Interactive Hand Gesture Control

Project Overview:

An experimental project exploring the integration of real-time hand gesture recognition, using Python and Google’s MediaPipe framework, with interactive animations within Unreal Engine, facilitated by OSC communication.

Context & Goal:

The primary motivation behind this project was to dive into the possibilities of real-time computer vision, specifically hand tracking and gesture recognition, as an input method for interactive experiences. The goal was to create a robust pipeline from a standard webcam feed to responsive animations within Unreal Engine, creating a simple yet engaging demonstration of this interaction loop. The playful concept of a virtual “protest” reacting to user gestures was chosen to provide clear visual feedback and a defined interaction goal.

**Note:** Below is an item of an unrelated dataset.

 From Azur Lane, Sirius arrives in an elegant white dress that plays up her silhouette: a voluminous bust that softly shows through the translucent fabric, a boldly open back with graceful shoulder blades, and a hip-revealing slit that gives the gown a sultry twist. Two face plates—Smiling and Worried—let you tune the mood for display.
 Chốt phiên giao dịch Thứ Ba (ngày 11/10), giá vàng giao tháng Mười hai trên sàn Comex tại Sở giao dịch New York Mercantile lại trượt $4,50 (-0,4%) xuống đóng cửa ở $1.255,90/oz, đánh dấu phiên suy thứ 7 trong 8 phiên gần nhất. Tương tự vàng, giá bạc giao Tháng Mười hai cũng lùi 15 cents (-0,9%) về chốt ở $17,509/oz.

1. Real-time Hand Gesture Recognition (Python & MediaPipe):

The core of the interaction relies on accurately detecting and interpreting hand gestures in real-time. Google’s MediaPipe framework was chosen for its efficiency and comprehensive solutions for on-device vision tasks.

• MediaPipe Gesture Recognizer: Instead of solely relying on raw landmark data, this project leveraged MediaPipe’s integrated GestureRecognizer task. This task combines the powerful HandLandmarker (which identifies 21 key hand landmarks) with a pre-trained classification model. This model is capable of recognizing a set of common static hand gestures directly from the image or video stream.
• Python Script & Webcam Input: A Python script utilized the OpenCV library (cv2) to capture the video feed from a standard webcam. Each frame was then processed by the MediaPipe GestureRecognizer.
• Gesture Classification & Output: The GestureRecognizer directly outputs the classification results, typically including a category name (e.g., Peace, ThumbsUp, OpenPalm etc) and a confidence score for the most likely gesture detected in the frame. The Python script simply extracted the name of the highest-scoring recognized gesture above a certain confidence threshold to ensure reliability. This significantly simplified the process compared to manually implementing classification logic based on landmark coordinates. If no gesture was recognized with sufficient confidence, a default state was reported.

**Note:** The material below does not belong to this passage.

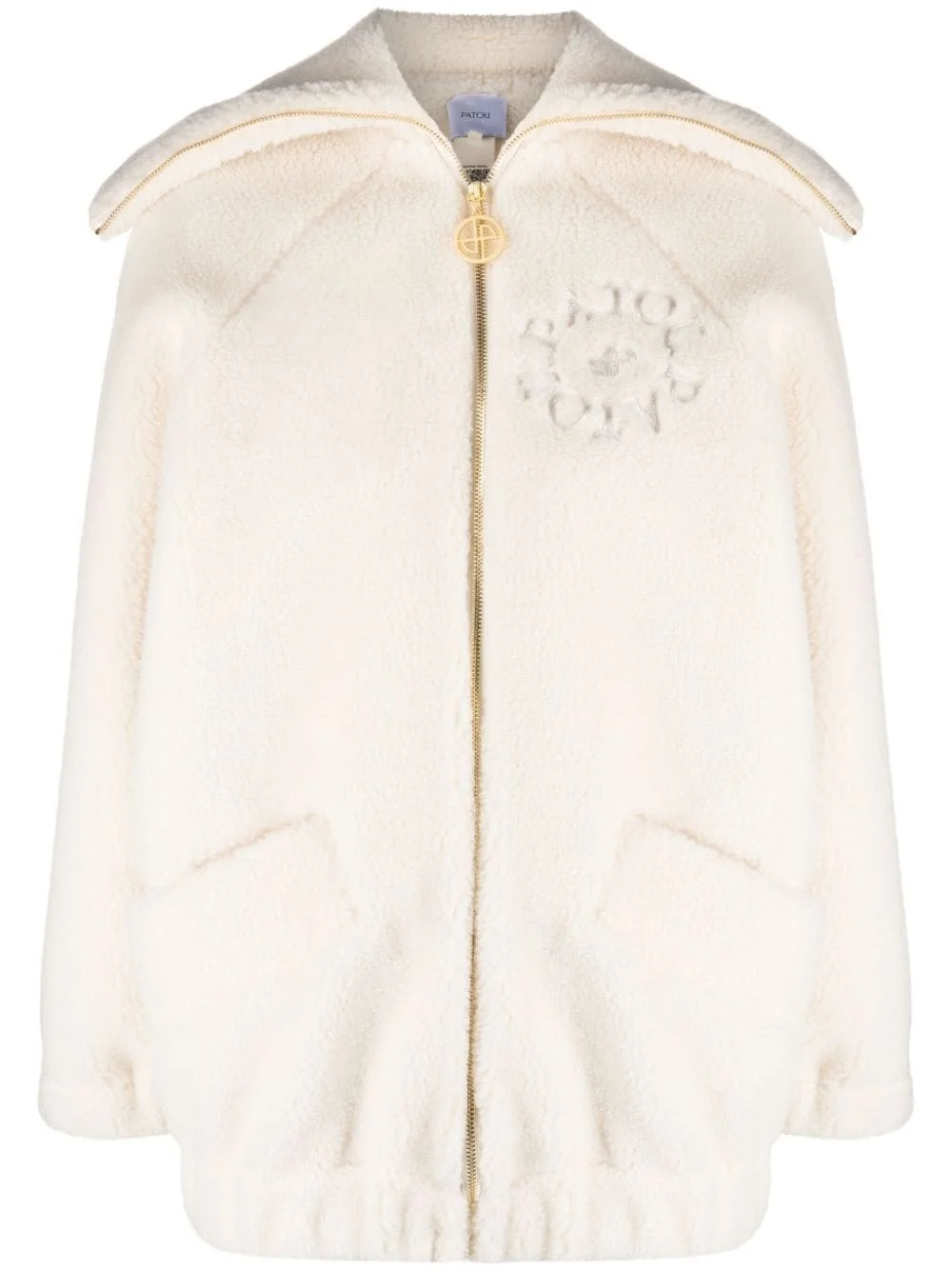 logo-embroidered fleece jacket Patou exhibits a sophisticated take on comfort dressing with this fleece jacket. Arriving in an Avalance white hue, it boasts a silhouette-defining spread collar and is finished with an embroidered logo at the chest. Highlights - Off-white - Fleece texture - Spread collar - Front zip fastening - Gold-tone hardware - Logo charm - Embroidered logo at the chest - Long sleeves - Two side inset pockets - Straight hem Imported Composition Polyester 82%, Cotton 18% SIZE & FIT Model measurements Height 5 ft 10 in(1.78 m) Bust/Chest 31.49 in(80 cm) Hips 37 in(94 cm) Waist 23.62 in(60 cm) Measurement CHEST 42.51 in(108 cm) SLEEVE LENGTH 29.13 in(74 cm) LENGTH 30.31 in(77 cm) FittingInformation Designed to be unstructured, offering a loose fit throughout The elasticated hem allows for movement and a comfortable fit Made from a midweight non-stretch fabric, this piece offers minimal elasticity when worn This piece fits true to size – take your usual size Washing instructions Dry Clean Only

2. Bridging Python and Unreal Engine (OSC Communication):

A seamless, low-latency communication channel was needed to send the recognized gestures from the Python script to Unreal Engine.

• OSC Protocol: Open Sound Control (OSC) was chosen for its lightweight nature, speed, and my experience with OSC from past projects. It’s well-suited for sending discrete event messages like recognized gestures.
• Python OSC Client: The python-osc library was used within the Python script. Upon recognizing a gesture, the script formatted an OSC message with a specific address pattern (/gesture/gesture) and an argument carrying the gesture name as a string (e.g. peace. thumpbsup etc). This message was sent via UDP to the local IP address and a designated port where Unreal Engine was listening.
• Unreal Engine OSC Server: Inside Unreal Engine, the default OSC Plugin was configured to listen for incoming messages on the specified UDP port.

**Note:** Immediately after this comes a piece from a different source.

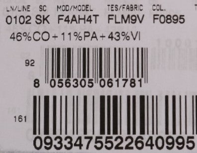 البطانة : 86% حرير، 4% إيلاستان، 6% قطن، 2% نايلون

3. Driving Interaction in Unreal Engine (Blueprints):

The logic within Unreal Engine translates the incoming OSC messages into visual changes in the scene.

• Receiving & Parsing OSC: An event dispatcher within Unreal Engine’s Blueprint system was bound to the incoming OSC messages matching the address pattern (/gesture/open_palm). The Blueprint logic then extracted the gesture name string from the message arguments.
• Triggering Logic: A Switch on String node was used to determine the appropriate action based on the received gesture name. This allowed for different execution paths for “peace”, “thumb_up”, “open_palm”, etc., as well as a default path for unrecognized gestures.
• Controlling Animations & Materials: Each logical path in the Blueprint triggered specific events on the “Protester” Actor Blueprints in the scene. This primarily involved blending between pre-defined animation sequences (like waving different signs). Dynamic Material Instances were likely used on the sign meshes, allowing the Blueprint logic to change a texture parameter, effectively swapping the displayed emoji (e.g., switching between the ‘crossed-out thumbs up’ texture and the standard ‘peace’ texture). A default state was implemented to play the “We Want Peace” animation when no specific gesture was actively detected or sent via OSC.

4. Asset Creation (Blender & Unreal Engine):

Simple visual assets were needed to represent the scene and the interactive elements.

• Rigging & Animation: The signs were rigged in Blender with a simple armature allowing for a basic waving motion. A few short animation cycles were created: an idle/default wave (“We Want Peace”) and distinct waves for showing the ‘protested’ gesture signs and the ‘peace’ sign.
• Import & Integration: The models, rigs, animations, and textures were imported into Unreal Engine. Animation Blueprints within the Protester Actor Blueprints were used to blend between the imported animations based on the triggers received from the OSC processing logic.

Outcome & Learnings:

This project successfully demonstrated a functional pipeline for real-time hand gesture interaction within Unreal Engine using accessible tools like Python, MediaPipe, and OSC. It served as a valuable exploration into:

• The capabilities and ease of use of MediaPipe for hand tracking.
• Implementing reactive game logic and animation control using Blueprints based on external data streams.

The resulting interactive experience, while simple, effectively showcased the potential for using computer vision to create fun and engaging user interactions within virtual environments. Based on this experience, I am excited to dive deeper into combining computer vision techniques with the interactive capabilities of Unreal Engine in future projects.